Build a Shaker Lap Desk – Part IILearn how to construct a delicate inkwell drawer in part II of the modern Shaker Lap Desk.
In part I of the Shaker Lap Desk project, I focused on constructing the carcase and using the proper wood species for cross grain gluing of the bottom to the frame. Now in part II, lets switch focus and concentrate on the desk’s delicate inkwell drawer.
A Digital Inkwell Drawer
Now for the fun part: the tiny inkwell drawer. With a front that’s only 3/8-in. thick and sides made from 1/4-in. stock, the drawer’s small scale makes for a challenging joinery exercise. The smallest chisel in your arsenal—an 1/8-in. or 3/16-in. one will work well—and a good set of eyes will be required for these smallest of dovetails. Despite its delicate proportions, this drawer is anything but weak. While the left side measures in at only 3-7/8 in. long, the right side is about 9-1/8 in. long and acts as a full-length glide. The actual stop is made from a small scrap of maple, 5/16 in. thick by 1-1/4 in. long by 5/8 in. high. A single brass screw holds it in place. The full-length glide, coupled with a hardwood stop block, makes for a drawer that functions flawlessly, feels firm, yet appears delicate.
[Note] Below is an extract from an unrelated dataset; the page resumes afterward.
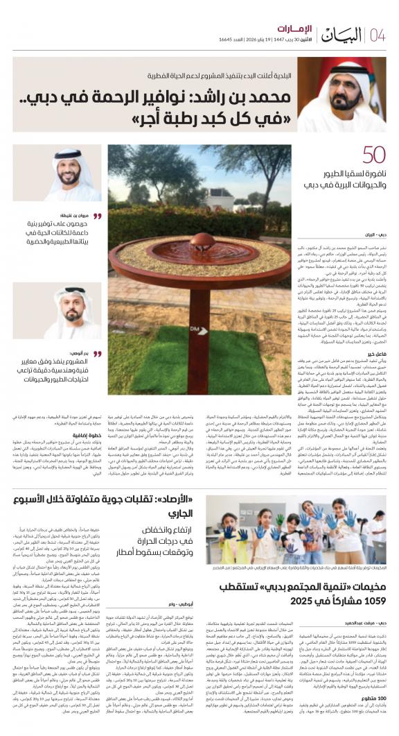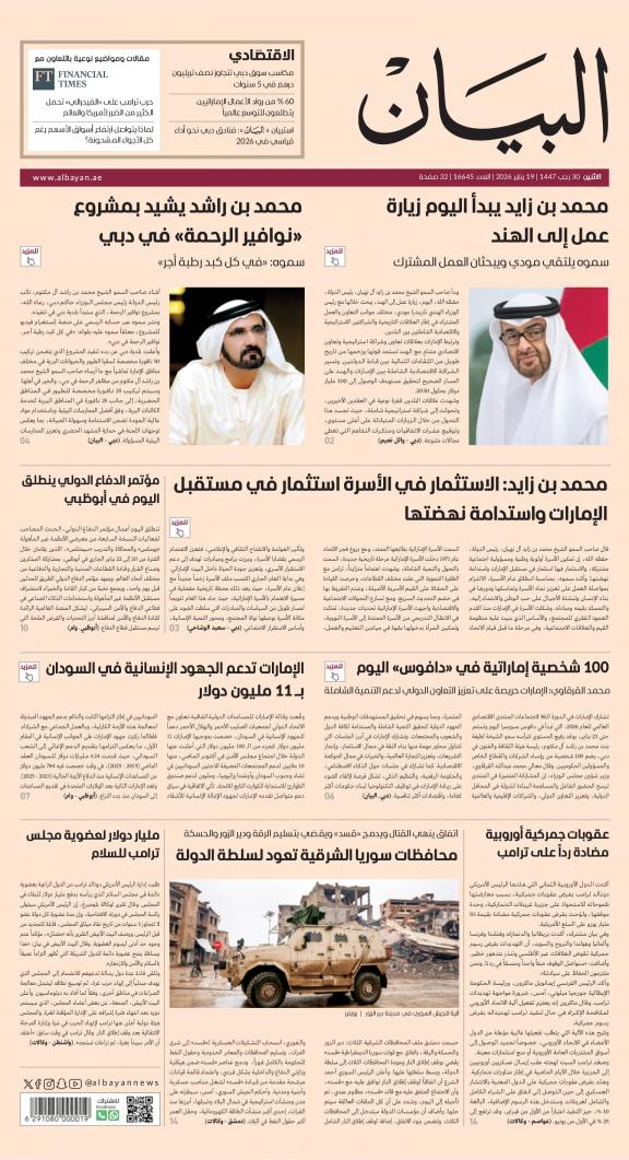 يمكنك الآن الاستمتاع بتصفح النسخة الرقمية، والتي هي طبق الأصل عن النسخة الورقية لصحيفة البيان على هاتفكم الذكي أو الجهاز اللوحي أو على شاشة الحاسوب. النسخة الرقمية تتيح لكم تجربة متميزة للعدد اليومي بكل المقالات والأخبار والميزات وبطريقة سلسة حيث يمكنكم التمتع بقراءة صفحاتكم المفضلة مع إمكانية البحث ومشاركة الأخبار في أي وقت وأي مكان كمرادف عن النسخة الورقية. بالإضافة لميزة القراءة بدون إنترنت عند تحميل النسخة المطلوبة وميزات أخرى ستتعرفون عليها عند تحميل التطبيق. في العاشر من مايو سنة 1980 صدر العدد الأول من صحيفة "البيان" لكي تشكل خلال رحلة مستمرة خلال العقود الأربعة مدرسة صحافية خرجت أجيالا من الصحافيين على مستوى دولة الإمارات والعالم العربي. وتصدر الصحيفة، التي تتبع مؤسسة دبي للإعلام، يومياً في نسخ ورقية ورقمية، تصل الى جمهور عريض من المتابعين في دولة الإمارات وعلى امتداد العالم العربي والعالم.

The tiny drawer features half blind dovetails on the front, a full dovetail on the rear-left side, and a simple rabbet on the rear right. Built of maple, the drawer stop is held in place with a single brass screw.
The drawer front is attached to the sides using half-blind dovetails. On the back end of the drawer, the joinery changes a bit. The left rear corner is joined using dovetails but the right side is rabbeted and fits into a dado cut into the mating side. Behind the dado, I cut a 3/8-in. stopped slot that extends to about 3/4 in. from the end. Cut the slot at the router table and square the ends with a chisel.
Built from 1/4-in. stock, the drawer bottom fits into a 1/8-in. sawkerf cut along the inside of the two sides and the drawer front, while the back is trimmed to fit just above the sawkerf. Be sure to take that 1/8-in. sawkerf into account when cutting your drawer bottom to size. Once it’s slid into place, a small brad pins it in place on the back side of the drawer.
The drawer stop rides within a simple groove cut into the longer drawer side at the router table.
Dovetailing the drawer will require a steady hand, sharp eyesight, and the smallest chisels in your arsenal.
A Flush Fit Depends on the Stop
A perfectly flush drawer will depend largely on how accurately you install the small hardwood stop block. Begin by test-fitting the drawer, making sure that the drawer is flush on the outside as well as with the divider in the back. Now position the stop in the groove, flush with the drawer back, and drill and screw it into place. Once you’ve installed the stop, pull the drawer open to verify that it extends fully. If not, make the slot a bit longer to allow for full extension. Be sure your drawer front sits perfectly flush, sanding it to a perfect fit.